Currently, various approaches exist to mitigate hallucinations. For close-source LLMs, researchers often rely on prompt-based methods. Wei et al. (2022); Gupta et al. (2023a) demonstrated that the Chain of Thoughts (CoT) prompting can improve the model’s reasoning capability and reduce hallucination. Furthermore, Wang et al. (2022) samples many reasoning chains and imposes self-consistency to obtain a self-ensembled answer. The various reasoning chains can also be generated by different prompt templates designed for a specific problem. These techniques are also applied to quantify LLMs’ uncertainty. Xiong et al. (2023) measure the model’s uncertainty by comparing the answers from different samples and elicit the model to describe that uncertainty in the final output. All in all, the prompt-based methods require more computation during inference and the meticulous construction of prompts tailored to specific domains. These methods are also vulnerable to model updates, a set of prompts that work for ChatGPT 3.5 in June doesn’t necessarily perform the same in September.

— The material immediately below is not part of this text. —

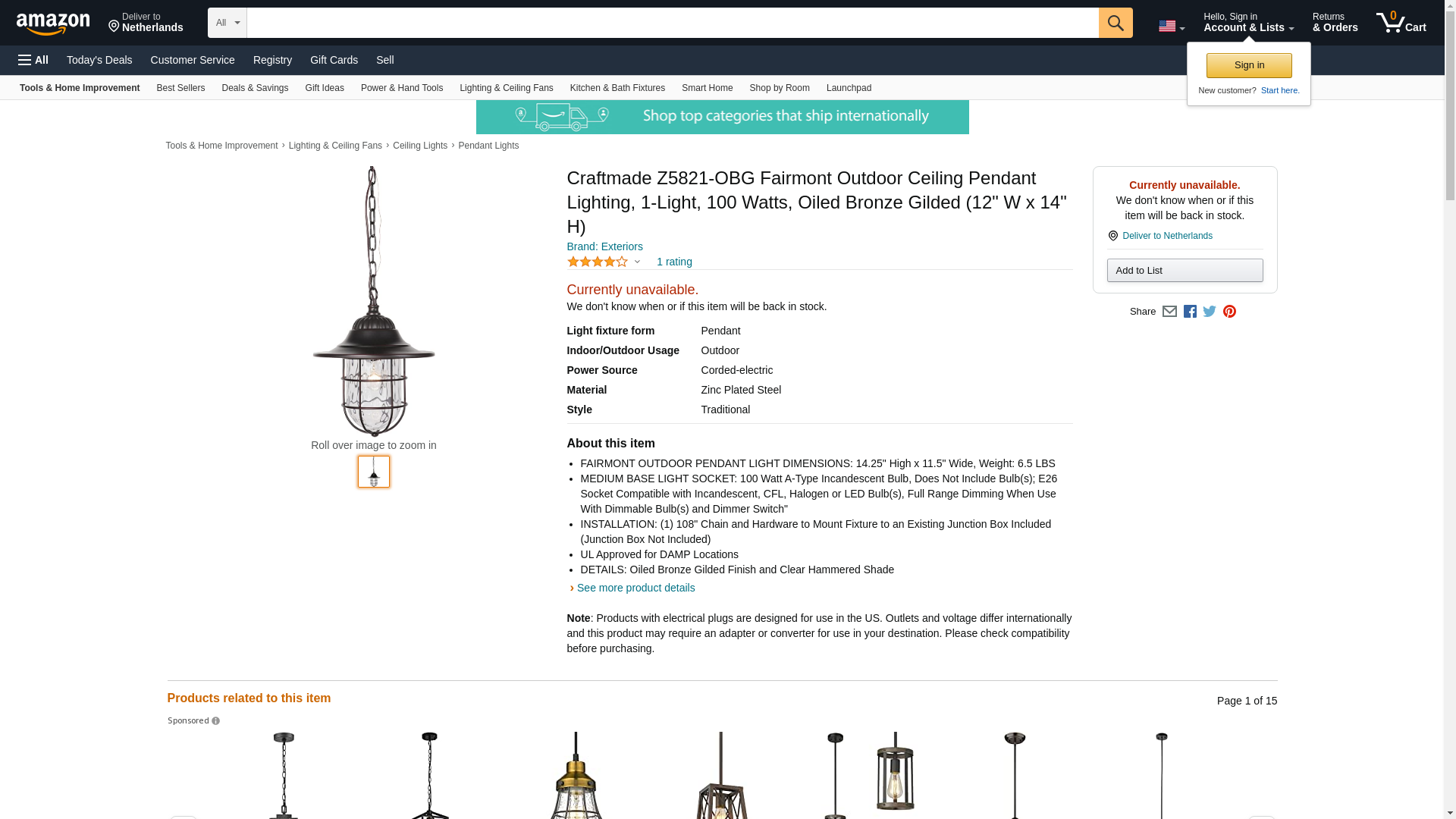 | brecherslighting.com | Z5821-OBG | 1 | 75 | 1 | 1 @ $153.00 |

Another set of techniques, proposed by Lewis et al. (2020), is Retrieval-Augmented Generation, where the system will use the query to search for a small number of highly relevant documents with factual information, then the LLM will be asked to generate a response for the query given such auxiliary information. However, this approach often entails the maintenance of vast vector databases and demands longer context lengths to include the augmented text, posing challenges in efficiency and scalability. When the researchers have access to the model weights, finetuning is usually employed to reduce hallucination. While it is effective for domain-specific applications, this method risks sacrificing the model’s general capability to enforce conformity.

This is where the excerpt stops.